For a more complete documentation of the API, please refer to the API Documentation.

Importing sequences

Once your collections have been created you are ready to import sequences; in our examples, the sets of reads and contigs generated by a metagenomic analysis.

Note

Sequences do not have to be related to a collection in MetagenomeDB. However this is extremely convenient to describe them as a set (e.g., the set of all reads generated by a sequencing run). Also, all command-line tools dealing with sequences will expect them to be part of a collection.

You could use the same approach as above; i.e., creating a CSV file with a sequence description per line (with properties such as the nucleotide sequence, the sequence name, etc.) and a relationship between this sequence and the collection (either ‘Reads’ or ‘Contigs’), then importing this file by calling mdb-add.
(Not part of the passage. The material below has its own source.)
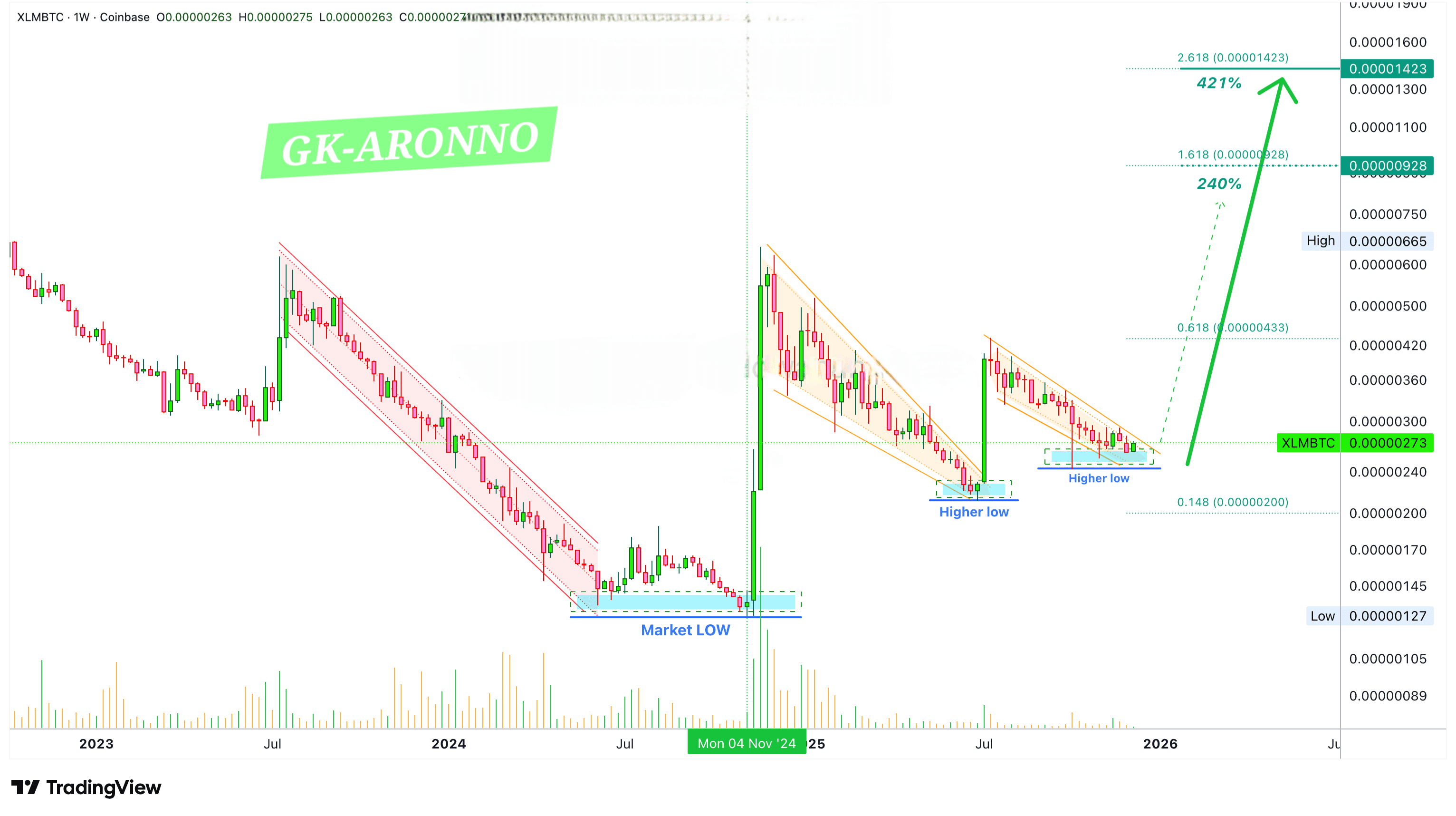 Dopo il minimo storico all'inizio di novembre 2024, XLMBTC ha prodotto il volume più alto in una settimana dopo quasi quattro anni. Questo è stato seguito da una crescita totale del 400% e tutto il lavoro ribassista risultante ha portato a massimi più alti, rivelando un mercato rialzista. Dopo un anno intero di lavoro ribassista all'interno di una struttura rialzista più ampia, il mercato è pronto per produrre un recupero, una continuità rialzista.

However, a dedicated tool is provided to import sequences from a variety of file formats: mdb-import-sequences (see EMPTY).

mdb-import-sequences can read nucleotide and protein sequences from FASTA files as well as all formats supported by the Biopython library, such as GenBank or FASTQ (for a complete list, please refer to the Biopython documentation).
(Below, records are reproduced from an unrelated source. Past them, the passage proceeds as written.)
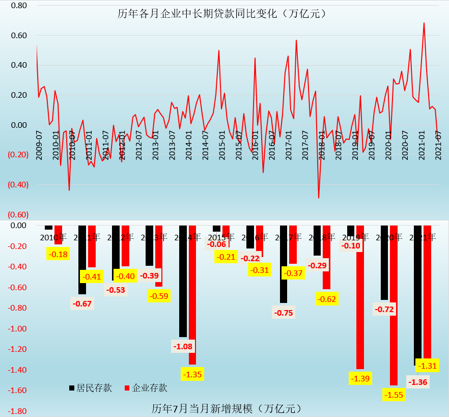 歷年7月的客戶存款一般均會呈現大幅減少的季節性,如2017-2020年的7月,居民存款分別減少0.75萬億、0.29萬億、0.10萬億、0.72萬億和1.36萬億,企業存款分別減少0.37萬億、0.62萬億、1.39萬億、1.55萬億和1.31萬億。但是就今年7月來,居民存款的低迷又明顯超預期,這應與居民貸款低迷、貸款派生存款力度明顯減弱有關。
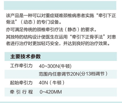 YHZ-12D型頸腰椎牽引床,由微電腦控制,輕觸鍵輸入程序,可根據(jù)患者病情連續(xù)、間歇、往返、脈沖牽引,具有牽引力自動(dòng)補(bǔ)償,自動(dòng)計(jì)時(shí)等提示功能。
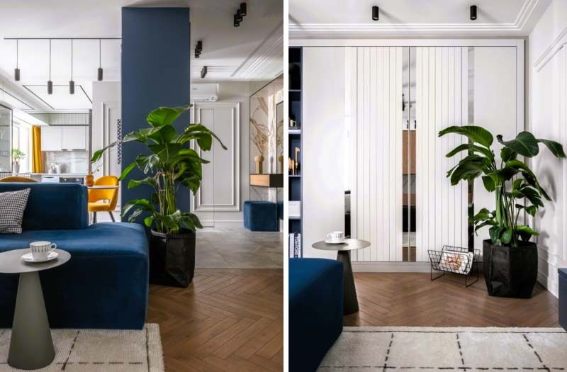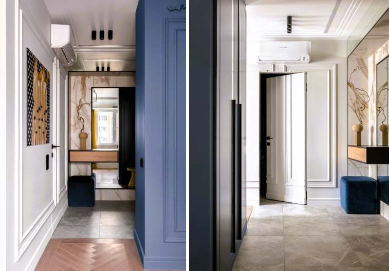 Пол во входной зоне оформили крупноформатным керамогранитом под камень, а стены покрасили в светлый оттенок и дополнили молдингами. Дверь в ванную комнату сделали скрытого типа. Справа от входа расположились большое зеркальное панно, подвесная консоль и пуф. Напротив входной двери организовали нишу, где был установлен вместительный гардероб.
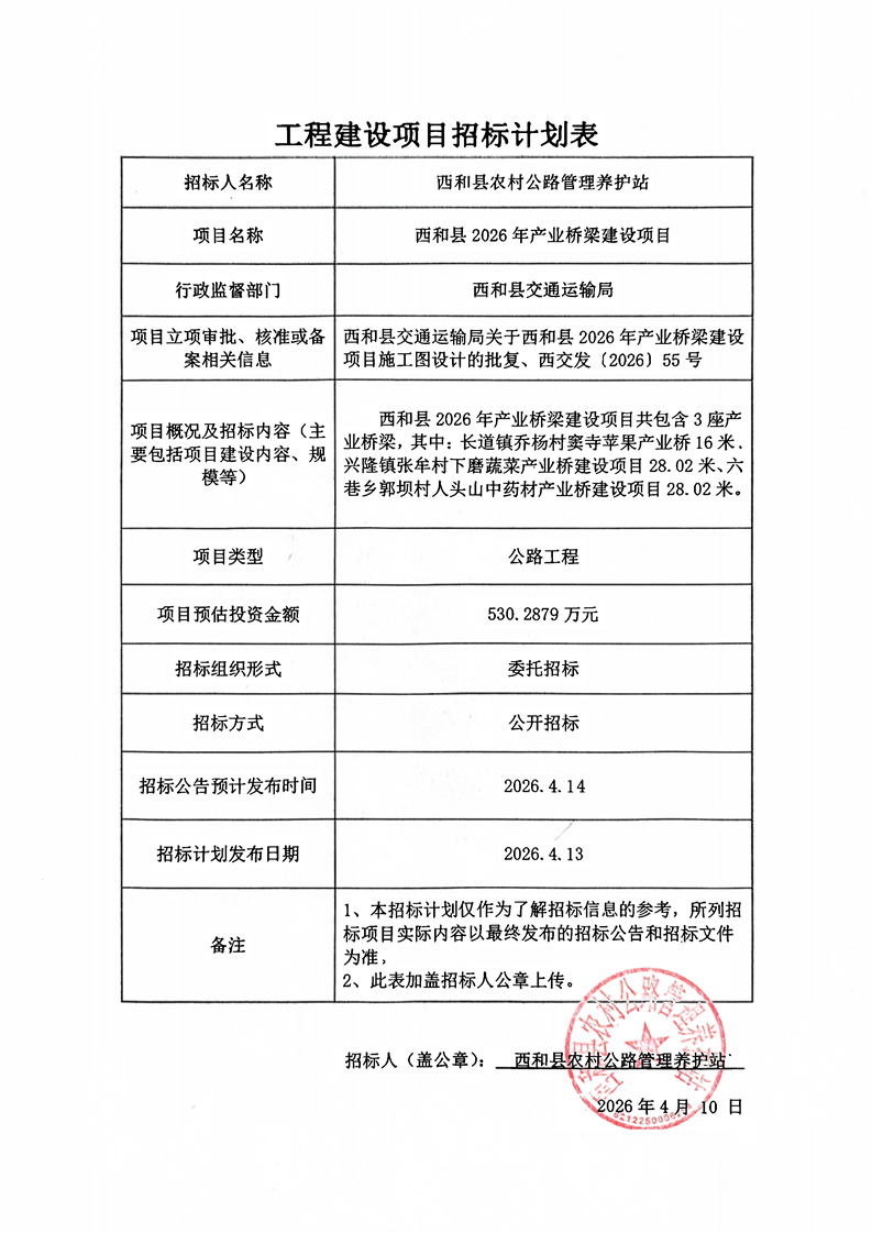西和縣2026年產(chǎn)業(yè)橋梁建設(shè)項目

Importing a set of reads from a file reads.fasta into the ‘Reads’ collection is achieved by typing the following on the command-line:

$ mdb-import-sequences -i reads.fasta -C Reads

Similarly for contigs in a contigs.fasta file:

$ mdb-import-sequences -i contigs.fasta -C Contigs

mdb-import-sequences comes with extra features, such as annotating all sequences from the same file with a same property and value. This can be useful, for example, when you want to add a property class with value ‘read’ for all reads, or ‘contig’ for all contigs. The syntax becomes:

$ mdb-import-sequences -i reads.fasta -C Reads -c class read
$ mdb-import-sequences -i contigs.fasta -C Contigs -c class contig

For a complete documentation of mdb-import-sequences, see EMPTY.

Connecting sequences

The reads and contigs you just imported are not disconnected. In fact, for each contig there is a set of reads that has been used for its assembly. Again, you could import this information as a set of relationships defined in a CSV file. But another tool, mdb-import-ACE-alignments (see EMPTY) is available to import reads-to-contig mapping in the ACE format, often generated by assembly programs.

Hence, to import an assembly file mapping.ace you need to provide the name of the collection that contains your reads and the one containing your contigs:

$ mdb-import-ACE-alignments -i mapping.ace -R Reads -C Contigs

mdb-import-ACE-alignments comes with several features, such as ignoring missing reads or contigs (i.e., reads or contigs defined in the ACE file but not present in the database) or converting on-the-fly the read or contig identifiers. For a complete documentation, see EMPTY.

Modifying existing objects

We saw earlier how to define collections and/or sequences using a CSV file and the mdb-add tool, or by using the API. However, what about modifying objects that have been already created? You can add, modify (i.e., replace, append to) or remove any property of an object by using either the command line or the API.

Using the command line

The mdb-annotate tool (Annotating objects) is available to modify existing objects, using the same approach as mdb-add; i.e., by creating a CSV or JSON file with instructions for these objects.

The syntax of this file is the same as for mdb-add. The only difference is the availability of operators. Hence, the following CSV file will replace the property year of the collection ‘Sample #1’ by the value 2010:

A B C
_type=collection name=Sample #1 year=2010^integer

What next?

Done. All your data are now in the database. At this stage you can query the database (see Queries) and/or export some of its content (see Tools Documentation). In the Examples section you will find some examples of such activities, such as managing sequence alignments (as produced by BLAST or FASTA) or producing Cytoscape networks out of your data.